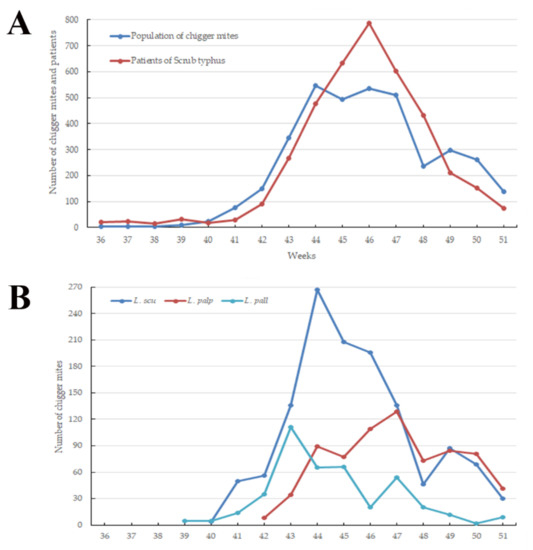 - Kim, S.Y.; Gill, B.; Song, B.G.; Chu, H.; Park, W.I.; Lee, H.I.; Shin, E.H.; Cho, S.H.; Roh, J.Y. Annual fluctuation in chigger mite populations and Orientia Tsutsugamushi Infections in scrub typhus endemic regions of South Korea. Osong Public Health Res. Perspect. 2019, 10, 351–358. [Google Scholar] [CrossRef]
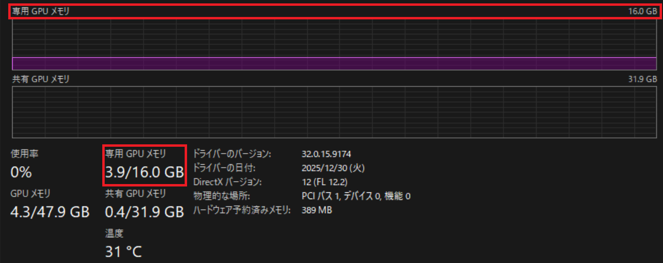 GPU画面の下部に表示される「専用GPUメモリ」の数値がVRAM使用量と最大容量を示す。使用量が最大値に近い場合はVRAM不足が疑われる。
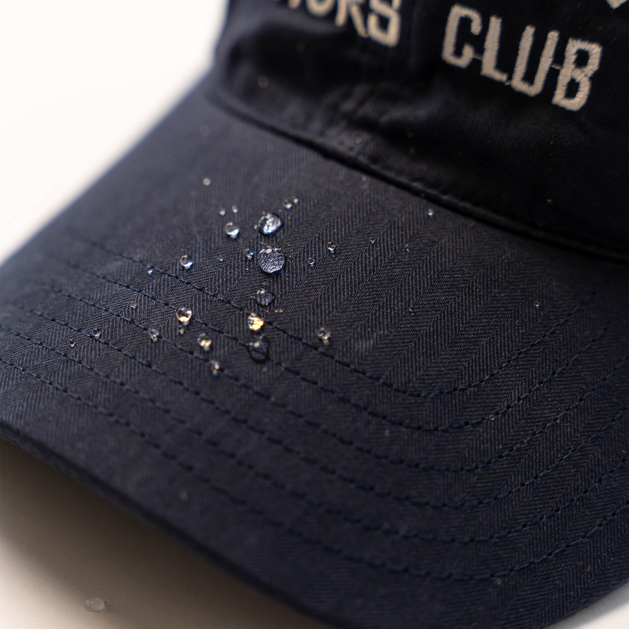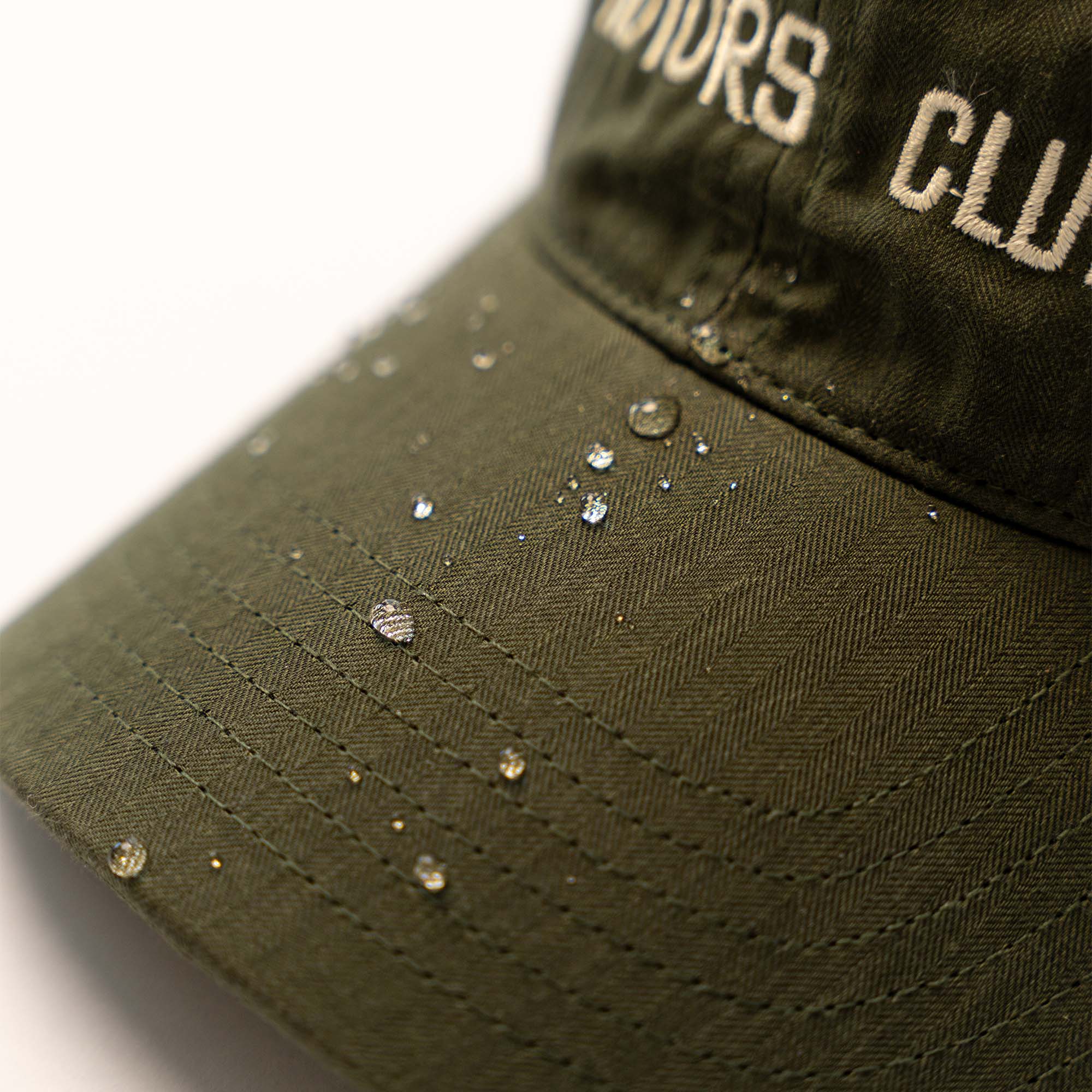 Inspired by the classic Baseball Cap (1849, NY) and revisited with a unique Italian touch, the “Motors Club” Waxed Herringbone Ball Cap represents an authentic Cap made of 100% Organic Cotton Waxed Military Herringbone 5 Oz by Halley Stevensons, one of the oldest waxed cotton mills in the world (since 1864 in Dundee, Scotland).
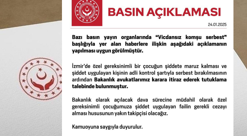 Bazı basın yayın organlarında “Vicdansız komşu serbest” başlığıyla yer alan haberlerin ardından Aile ve Sosyal Hizmetler Bakanlığı avukatları, adli kontrol şartıyla serbest bırakılan şahsın tutuklanması için talepte bulundu. Bakanlık tarafından yapılan yazılı açıklamada, “İzmir'de özel gereksinimli bir çocuğun şiddete maruz kalması ve şiddet uygulayan kişinin adli kontrol şartıyla serbest bırakılmasının ardından Bakanlık avukatlarımız karara itiraz ederek, tutuklama talebinde bulunmuştur. Bakanlık olarak açılacak dava sürecine müdahil olarak özel gereksinimli çocuğumuza şiddet uygulayan failin gerekli cezayı alması hususunun yakın takipçisi olacağız2 denildi.
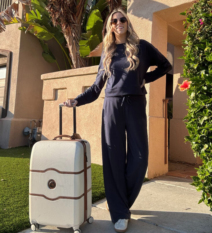 I wore it on a cross-country flight and realized halfway through the trip that I hadn’t adjusted anything, tugged at anything, or felt uncomfortable at all. The lightweight, breathable fabric kept me cool even in a warm cabin, and the fit allowed me to move, stretch, and nap without any weird bunching. When I landed, the set still looked crisp and put-together—no wrinkles, no stretching, no sloppy shape.

◆ Work instructions: Leave out the pictures and retype every line above exactly.

◆ Response to the task:
 - Kim, S.Y.; Gill, B.; Song, B.G.; Chu, H.; Park, W.I.; Lee, H.I.; Shin, E.H.; Cho, S.H.; Roh, J.Y. Annual fluctuation in chigger mite populations and Orientia Tsutsugamushi Infections in scrub typhus endemic regions of South Korea. Osong Public Health Res. Perspect. 2019, 10, 351–358. [Google Scholar] [CrossRef]
 GPU画面の下部に表示される「専用GPUメモリ」の数値がVRAM使用量と最大容量を示す。使用量が最大値に近い場合はVRAM不足が疑われる。
 Inspired by the classic Baseball Cap (1849, NY) and revisited with a unique Italian touch, the “Motors Club” Waxed Herringbone Ball Cap represents an authentic Cap made of 100% Organic Cotton Waxed Military Herringbone 5 Oz by Halley Stevensons, one of the oldest waxed cotton mills in the world (since 1864 in Dundee, Scotland).
 Bazı basın yayın organlarında “Vicdansız komşu serbest” başlığıyla yer alan haberlerin ardından Aile ve Sosyal Hizmetler Bakanlığı avukatları, adli kontrol şartıyla serbest bırakılan şahsın tutuklanması için talepte bulundu. Bakanlık tarafından yapılan yazılı açıklamada, “İzmir'de özel gereksinimli bir çocuğun şiddete maruz kalması ve şiddet uygulayan kişinin adli kontrol şartıyla serbest bırakılmasının ardından Bakanlık avukatlarımız karara itiraz ederek, tutuklama talebinde bulunmuştur. Bakanlık olarak açılacak dava sürecine müdahil olarak özel gereksinimli çocuğumuza şiddet uygulayan failin gerekli cezayı alması hususunun yakın takipçisi olacağız2 denildi.
 I wore it on a cross-country flight and realized halfway through the trip that I hadn’t adjusted anything, tugged at anything, or felt uncomfortable at all. The lightweight, breathable fabric kept me cool even in a warm cabin, and the fit allowed me to move, stretch, and nap without any weird bunching. When I landed, the set still looked crisp and put-together—no wrinkles, no stretching, no sloppy shape.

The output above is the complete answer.